Task prompt
Every line in the data below that holds "godine" should be found and copied.

━━ Provided data ━━

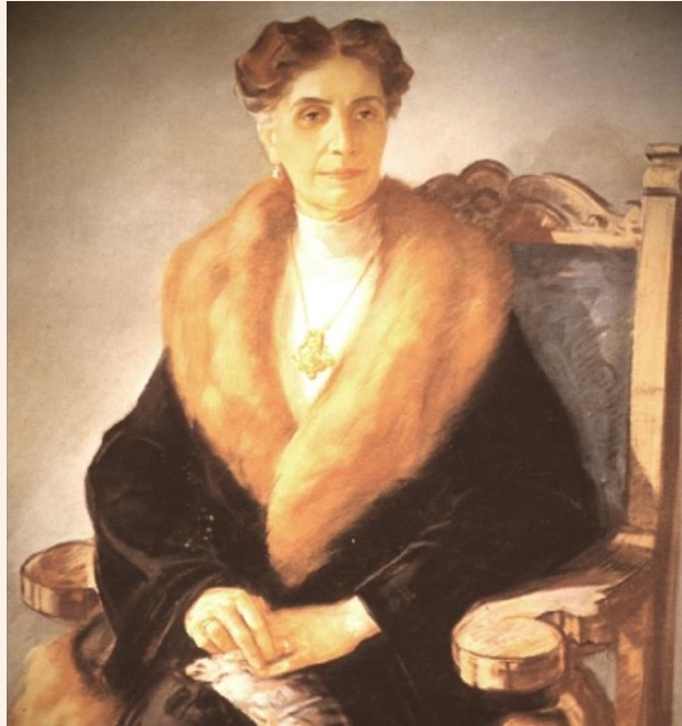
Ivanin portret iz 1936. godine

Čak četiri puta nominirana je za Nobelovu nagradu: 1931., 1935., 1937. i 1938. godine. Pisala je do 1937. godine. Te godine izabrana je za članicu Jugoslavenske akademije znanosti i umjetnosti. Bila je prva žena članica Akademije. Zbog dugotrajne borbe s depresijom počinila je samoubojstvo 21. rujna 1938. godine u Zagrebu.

━━━
━━ Provided data ━━

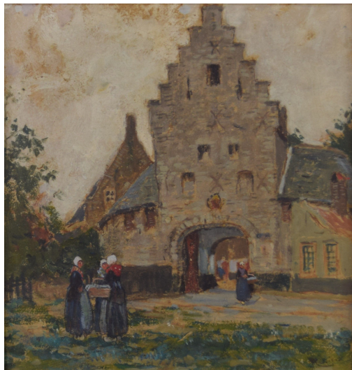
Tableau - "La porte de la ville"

━━━

Task response
Ivanin portret iz 1936. godine
Čak četiri puta nominirana je za Nobelovu nagradu: 1931., 1935., 1937. i 1938. godine. Pisala je do 1937. godine. Te godine izabrana je za članicu Jugoslavenske akademije znanosti i umjetnosti. Bila je prva žena članica Akademije. Zbog dugotrajne borbe s depresijom počinila je samoubojstvo 21. rujna 1938. godine u Zagrebu.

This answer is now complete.